(Data under study)

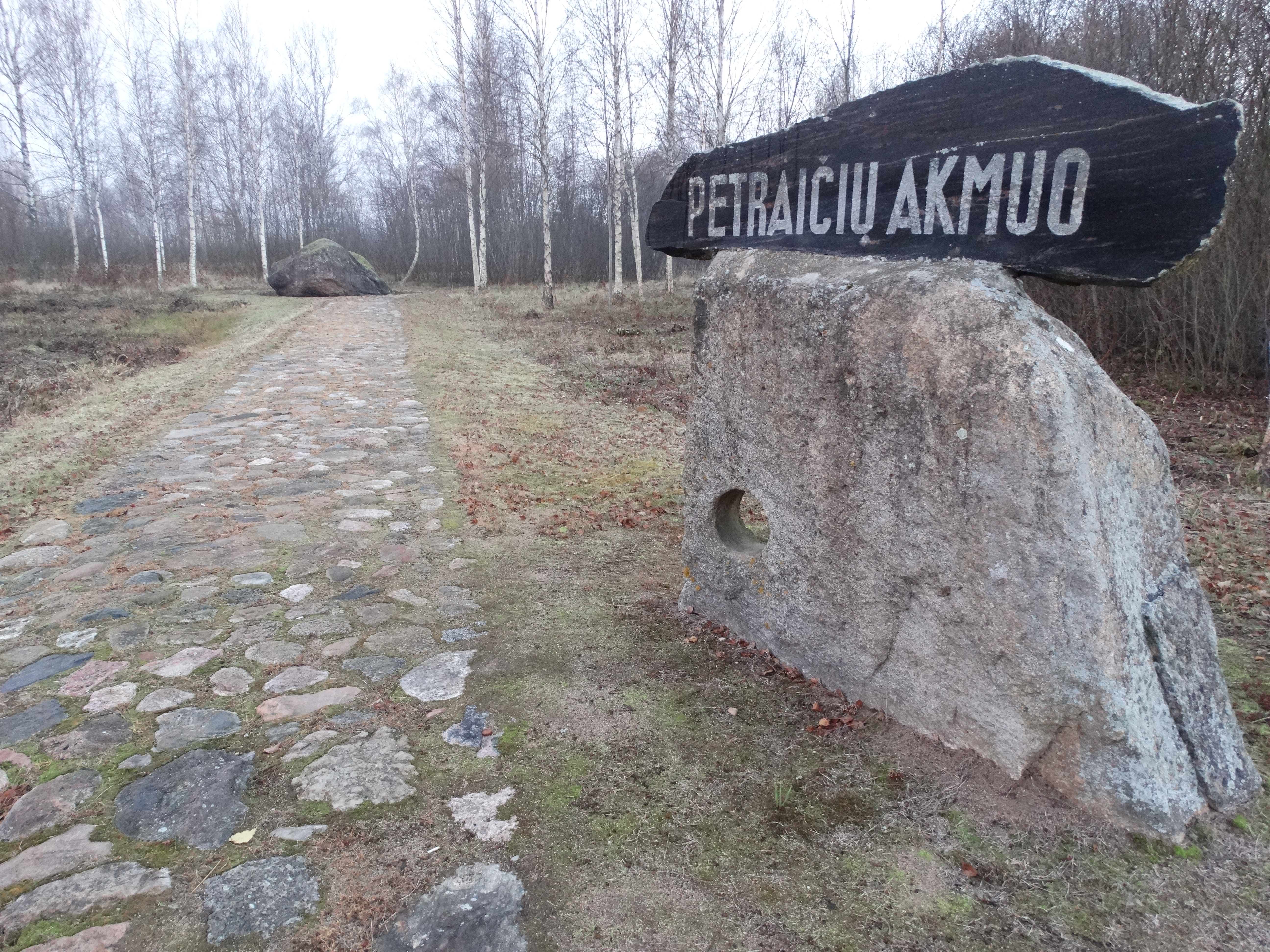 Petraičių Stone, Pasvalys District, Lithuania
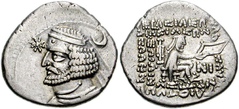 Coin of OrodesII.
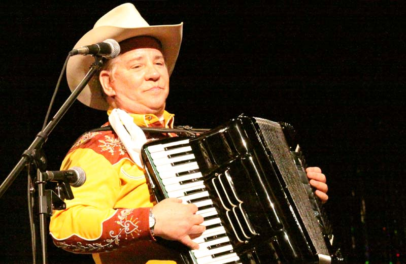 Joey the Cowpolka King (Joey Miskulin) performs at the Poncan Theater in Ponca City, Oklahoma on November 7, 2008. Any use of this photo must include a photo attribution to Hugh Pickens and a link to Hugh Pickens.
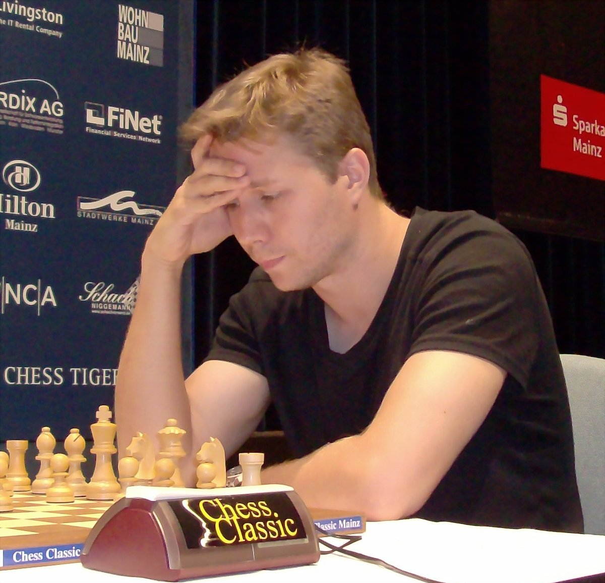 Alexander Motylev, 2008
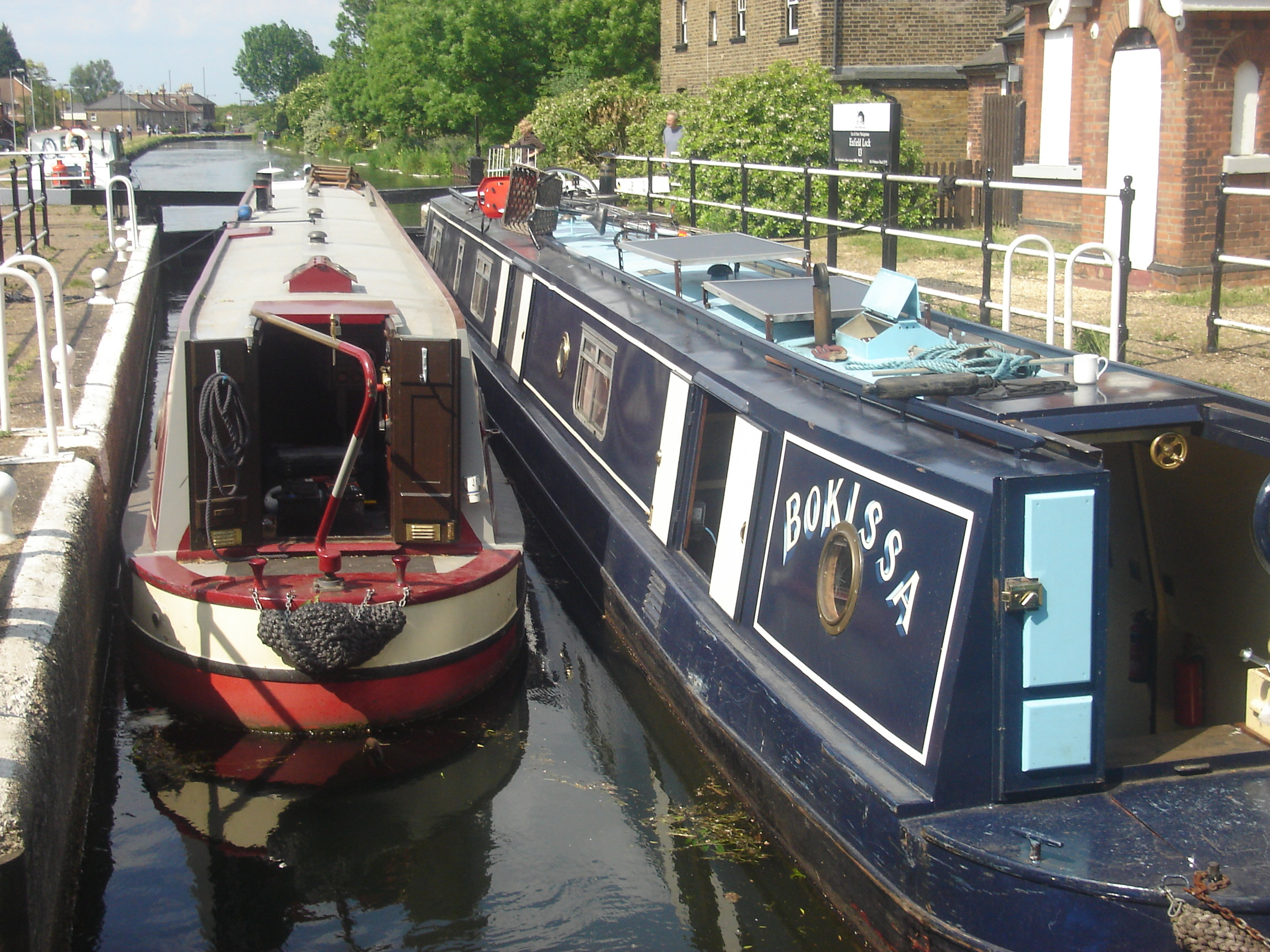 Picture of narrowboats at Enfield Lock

--

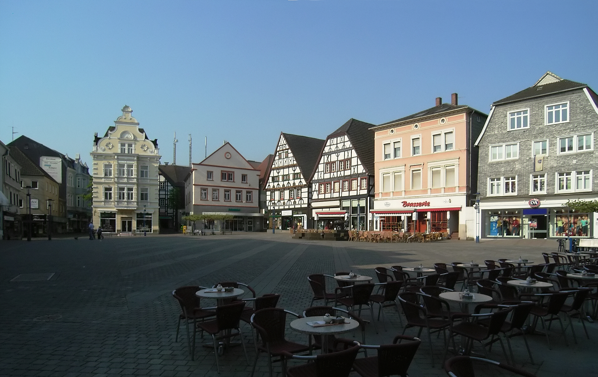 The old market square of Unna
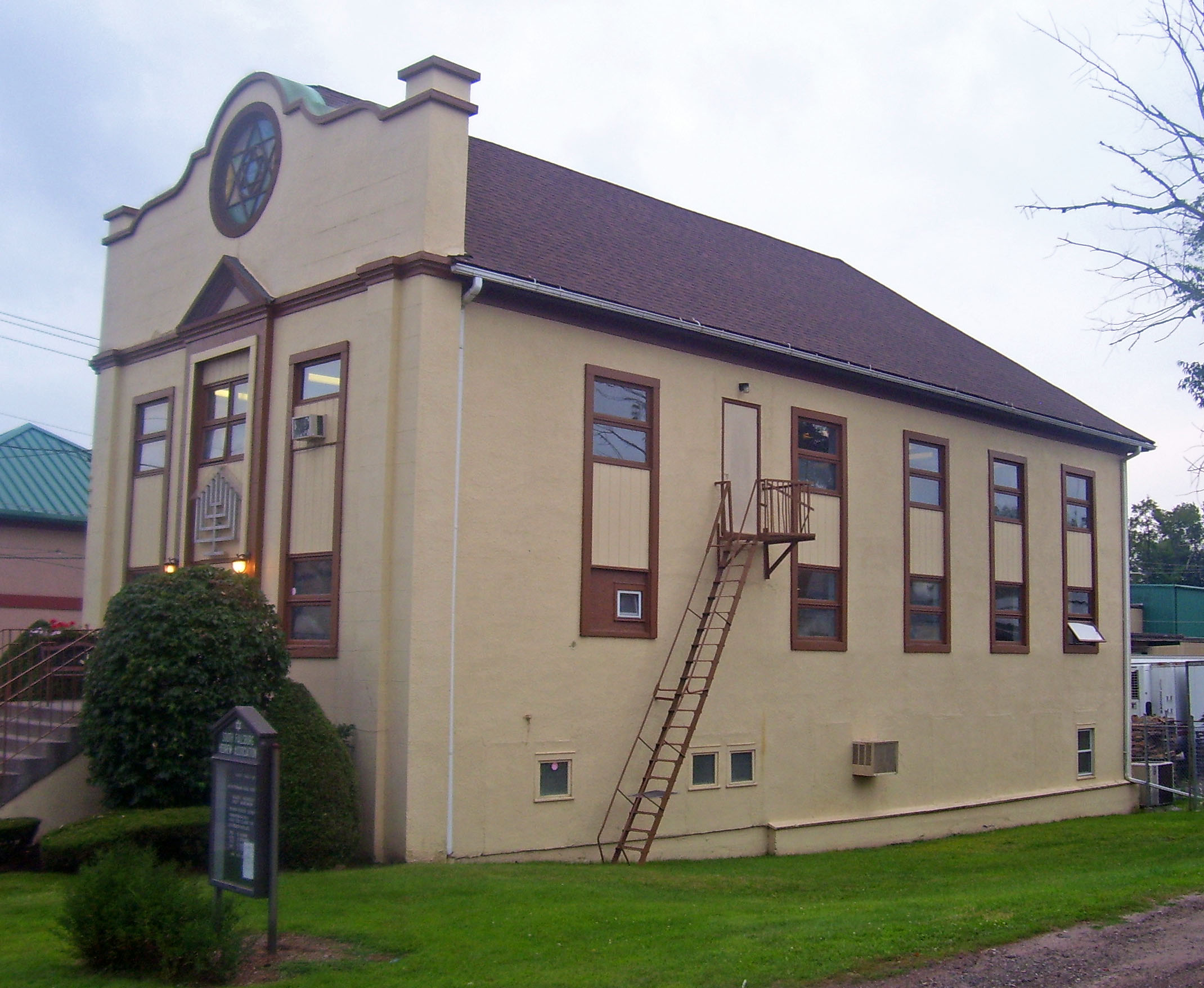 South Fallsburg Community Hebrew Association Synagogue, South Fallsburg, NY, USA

==

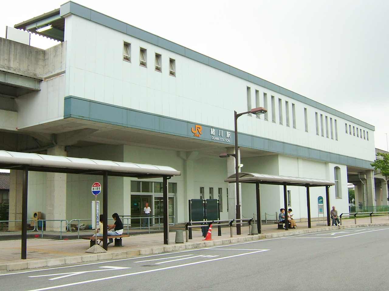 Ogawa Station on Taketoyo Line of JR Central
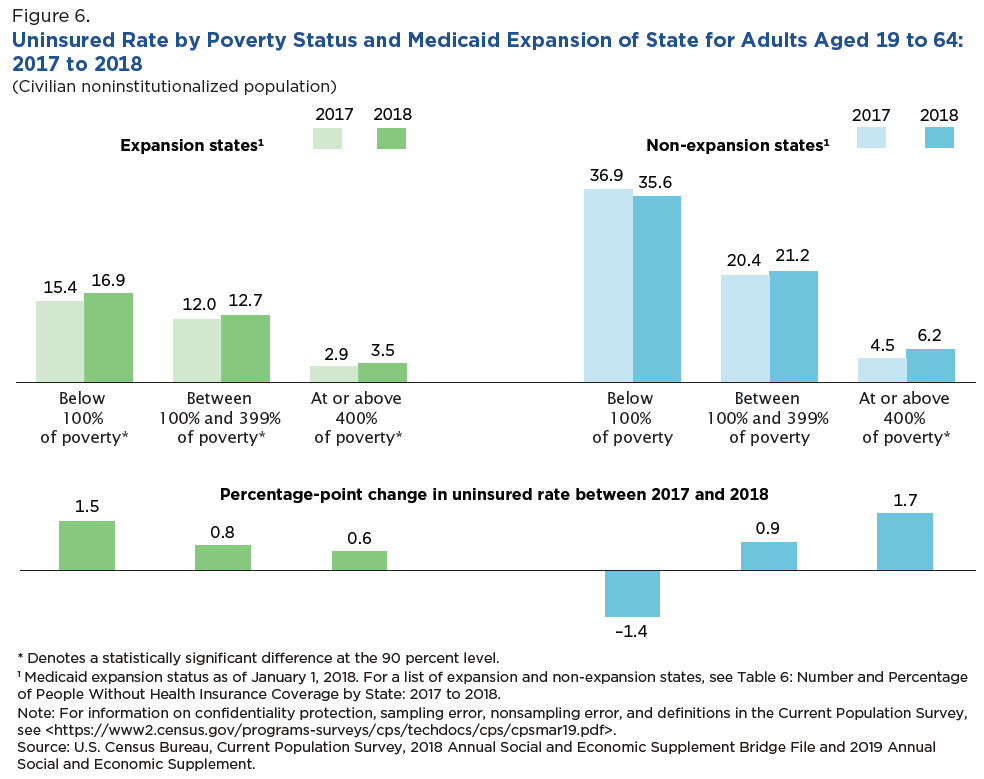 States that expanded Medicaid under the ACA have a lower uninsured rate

(Exercise aim) Your answer must be everything above from the line with "Alexander Motylev, 2008" down to the line with "Picture of narrowboats at Enfield Lock", word for word, and no pictures.

(Task result)
 Alexander Motylev, 2008
 Picture of narrowboats at Enfield Lock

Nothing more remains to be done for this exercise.